On Monday, Nvidia announced a new set of GPUs in a presentation focused on ray tracing and the advent of ray tracing in today’s games. Nvidia has built an entirely new capability around ray tracing and announced an all-new SM (Streaming Multiprocessor) architecture around it. But Nvidia also debuted GPUs at substantially higher prices than its previous generation, and it showed no straight benchmark data that didn’t revolve around ray tracing.
Buying CPUs and GPUs for a first-generation feature is almost always a bad idea. If you bought an Nvidia Maxwell or Pascal video card because you thought DX12 and Vulkan were the future, do you feel like you got what you paid for as far as that feature is concerned? Probably not. AMD doesn’t get to take a bow on this either. True, DX12 has been kinder to Team Red than Team Green, but if you bought a 2013 Radeon thinking Mantle was going to take over the gaming industry, you didn’t get a lot of shipping titles before it was retired in favor of other APIs. If you bought a Radeon in 2013 thinking you were getting in on the dawn of a new age of gaming, well, you were wrong.
The list goes on.

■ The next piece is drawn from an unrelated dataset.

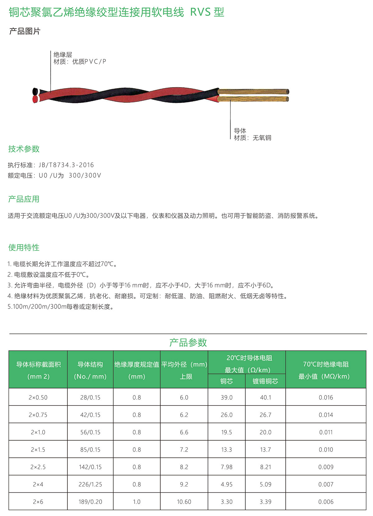 铜芯聚氯乙烯绝缘绞型连接用软电线-RVS型

The first DX10 cards weren’t particularly fast, including models like Nvidia’s GTX 8800 Ultra. The first AMD GPUs to support tessellation in DX11 weren’t all that good at it. If you bought a VR headset and a top-end Pascal, Maxwell, or AMD GPU to drive it, guess what? By the time VR is well-established, if it ever is, you’ll be playing it on very different and vastly improved hardware. The first strike against buying into RTX specifically is that by the time ray tracing is well-established, practically useful, and driving modern games, the RTX 2080 will be a garbage GPU. That’s not an indictment of Nvidia, it’s a consequence of the substantial lead time between when a new GPU feature is released and when enough games take advantage of that feature to make it a serious perk.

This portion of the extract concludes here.